One of the most important nutrients in cod is the omega-3 fatty acids, which are linked to heart health. According to Harvard, the earliest studies of omega-3 fatty acids found in fish confirmed that people who ate high levels of seafood had very low rates of death from chronic heart disease [I]. Omega-3 fatty acids are continuously being used to lower cholesterol levels, improve heart rhythm, prevent blood clots and reduce heart attack risk. Omega-3s also appears to help babies with their neurological development, and may help protect against colon cancer.

If that were not reason enough to add cod to your diet, it has also been linked to a lowered risk of leukemia, multiple myeloma, kidney cancer, Alzheimer’s disease and macular degeneration. It is believed to help control and even prevent high blood pressure [III]. The selenium in cod has strong anti-inflammatory properties, and may help to control inflammatory conditions like asthma, arthritis and migraines. Cod also contains tryptophan, which is used to make seratonin, the mood-stabilizing hormone that helps you get a good night’s sleep.


Do Yourself A Favor!

So, just to clarify, by eating a serving of cod one to two times a week, you can help to prevent cancer, strengthen your heart, keep your wits about you, and even protect your vision! Why wouldn’t you want to add this superfood to your diet?

And in case you need one more reason to eat cod, consider this: as you are enjoying that longer, healthier life, you might even feel happier as well. Researchers at the National Institutes of Health have linked omega-3 fatty acids to a lower risk for depression [II].

So the next time you head out for fish on a Friday night, try asking for a grilled or broiled version. Rest assured knowing that you are doing something to help improve your overall health by eating one of nature’s superfoods!

 


Resources

[I] Harvard School of Public Health. “New study shows the benefits of eating fish greatly outweigh the risks”. 2006. Web. June. 2016. <http://www.hsph.harvard.edu/news/press-releases/2006-releases/press10172006.html>.

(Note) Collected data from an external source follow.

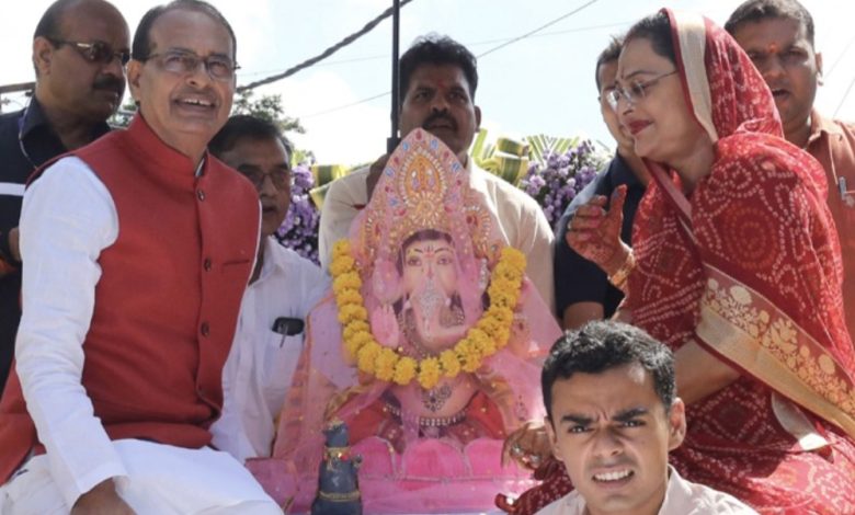 मुख्यमंत्री शिवराज सिंह चौहान ने आज गणेश चतुर्थी के अवसर पर परिवार के साथ भोपाल के प्लेटिनम प्लाजा के पास मूर्तिकार रवि प्रजापति द्वारा निर्मित विघ्नहर्ता गणपति जी की प्रतिमा लाकर निवास में प्रतिष्ठापित की। इस अवसर पर मुख्यमंत्री शिवराज सिंह चौहान की धर्मपत्नी साधना सिंह, पुत्र कार्तिकेय सिंह चौहान उपस्थित थे। मुख्यमंत्री निवास में विधि विधान पूर्वक गणेश जी की प्रतिमा स्थापित की गई। मुख्यमंत्री शिवराज सिंह चौहान ने सपरिवार भगवान गणेश की पूजा अर्चना की।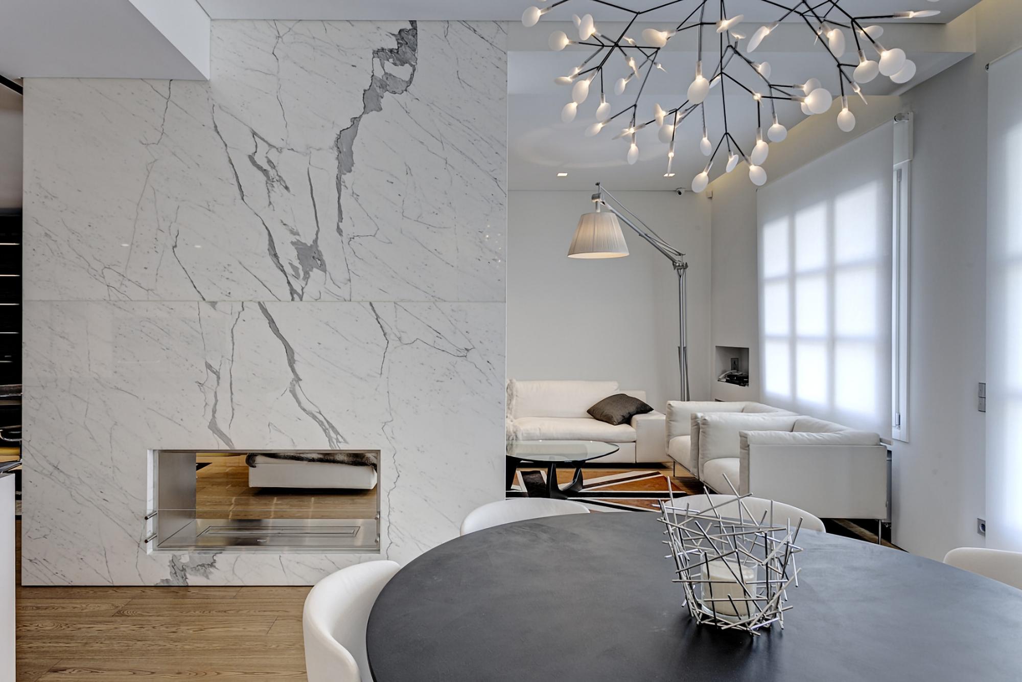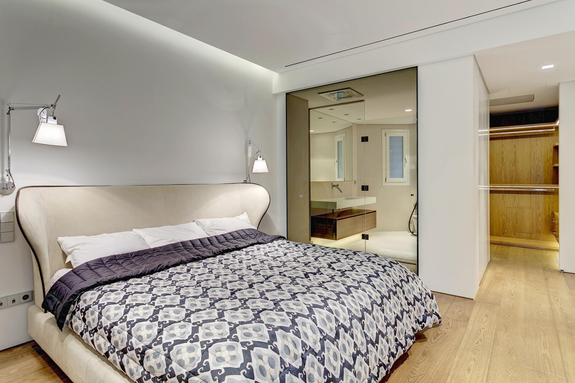 Tο διαμέρισμα αυτό βρίσκεται στον τέταρτο όροφο κτιρίου που χρονολογείται στη μεσοπολεμική περίοδο, κοντά στην κεντρική πλατεία του Κολωνακίου. Το μέγεθος και το σχήμα του είναι ενδεικτικά της περιόδου εκείνης. Παρά την εγγενή φωτεινότητα του διαμερίσματος, ο επιμήκης διάδρομος ήταν αρκετά σκοτεινός. Για να αλλάξει αυτό, προσθέσαμε δύο κομψές φωτεινές λωρίδες στον διάδρομο που οδηγεί από τους κοινόχρηστους χώρους στις κρεβατοκάμαρες.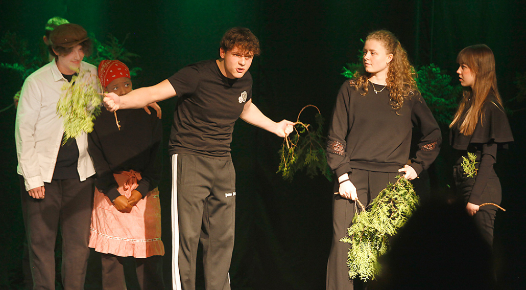 Hänsel und Gretel nahmen anschließend die Bühne ein, Darstellendes Spiel aus dem Jahrgang 11. Angekündigt von Nina Merzenich als „Letzte Probe“ folgten kurze Abläufe einer modernen Inszenierung, bei der die Protagonisten wie beim Karneval „Kamellen“ ins Publikum warfen. Dem Publikum wurde der 24. Juni als „Save the Date“ nahegelegt. Dann nämlich sei das Stück zur Vollendung gebracht.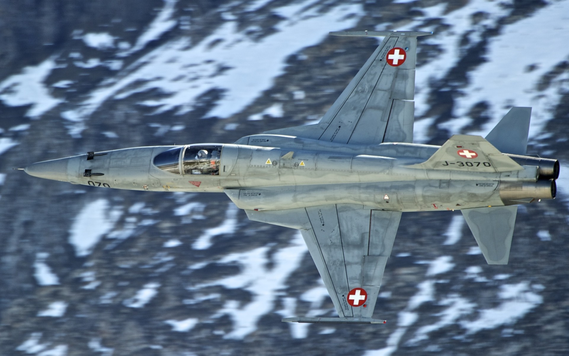 Description: A fighter jet flying over a mountain range in the snow with a swiss cross on the side of it.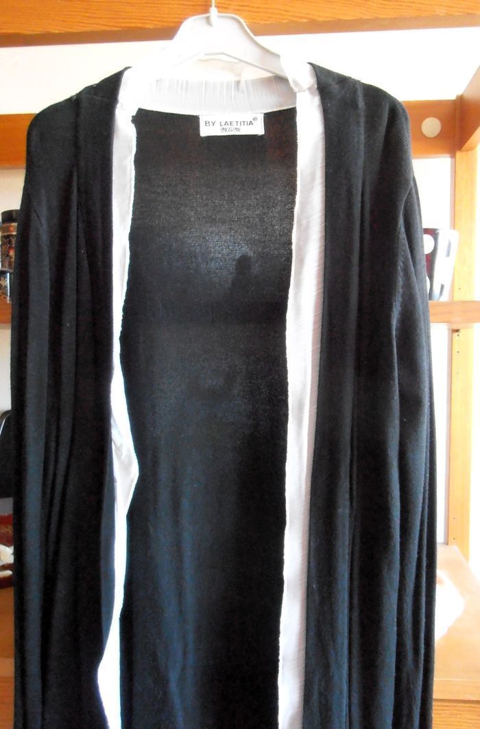 Gilet long noir femme, By Laetitia, taille S 36, cardigan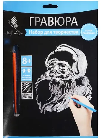 Набор д/творч. Гравюра серебро Санта-Клаус (HY340001136s) (18х24 см)(8+) (Hobby and you)
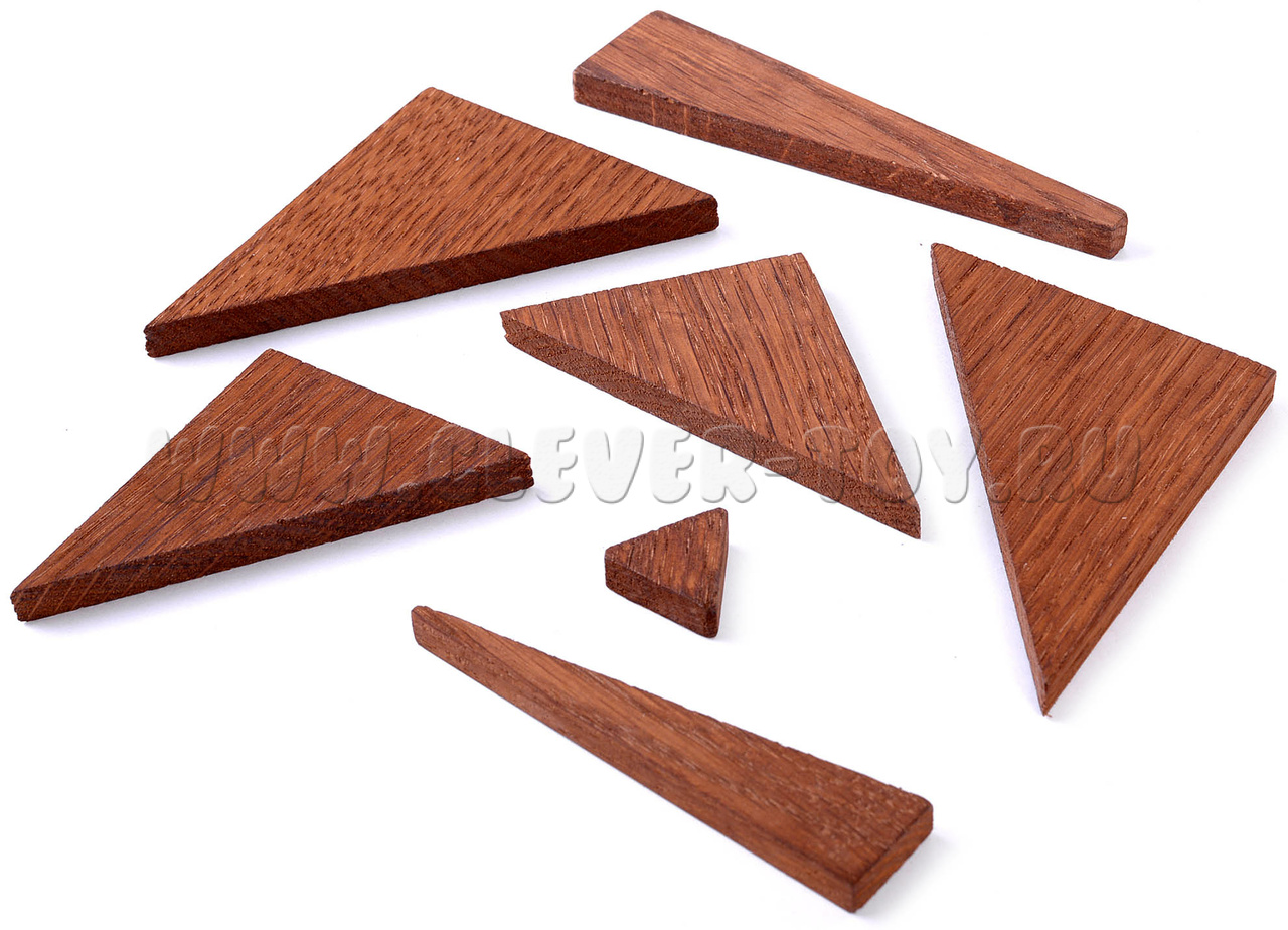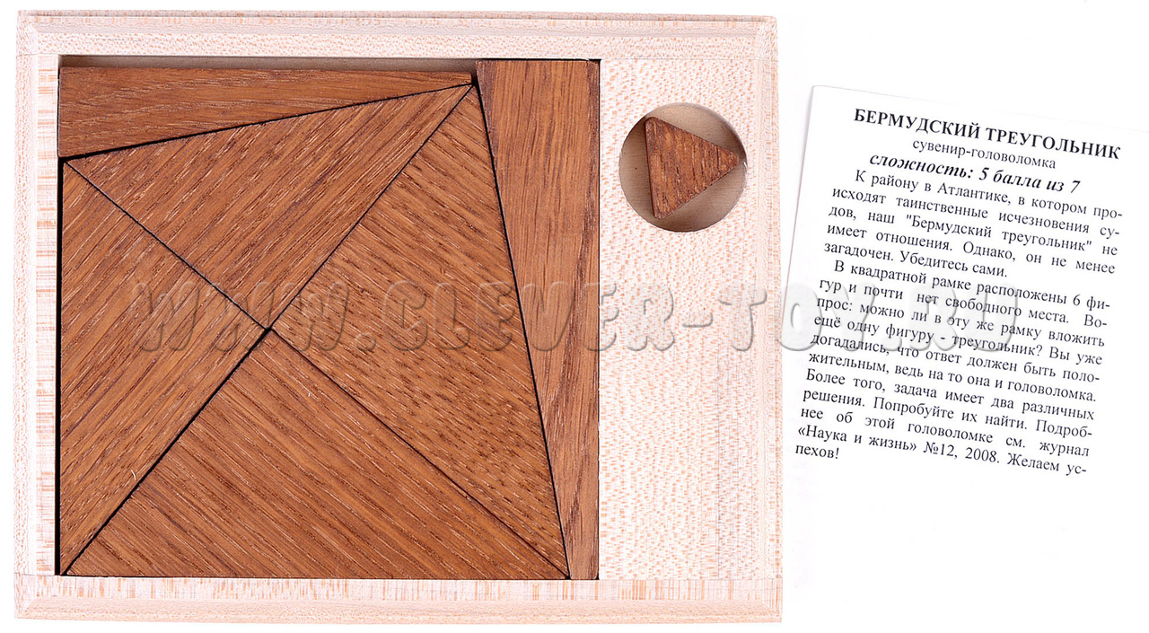 Головоломка "Бермудский треугольник" - это интригующая задача, состоящая из квадратной рамки и семи деревянных треугольников различной формы и размера. Цель головоломки - вложить один дополнительный треугольник в эту рамку, которая уже заполнена 6-ю треугольниками. Интересно, что существует два различных решения для этой головоломки.

[II] Logan, Alan. “Omega-3 fatty acids and major depression: A primer for the mental health professional”. US National Library of Medicine National Institutes of Health. Lipids Health Dis. 2004; 3: 25. Web. June. 2016.<http://www.ncbi.nlm.nih.gov/pmc/articles/PMC533861/>.

[III] “Omega-3 Fatty Acids and Health”. US National Library of Medicine: National Institutes of Health. 2005. Web. June. 2016. <https://ods.od.nih.gov/factsheets/Omega3FattyAcidsandHealth-HealthProfessional/>.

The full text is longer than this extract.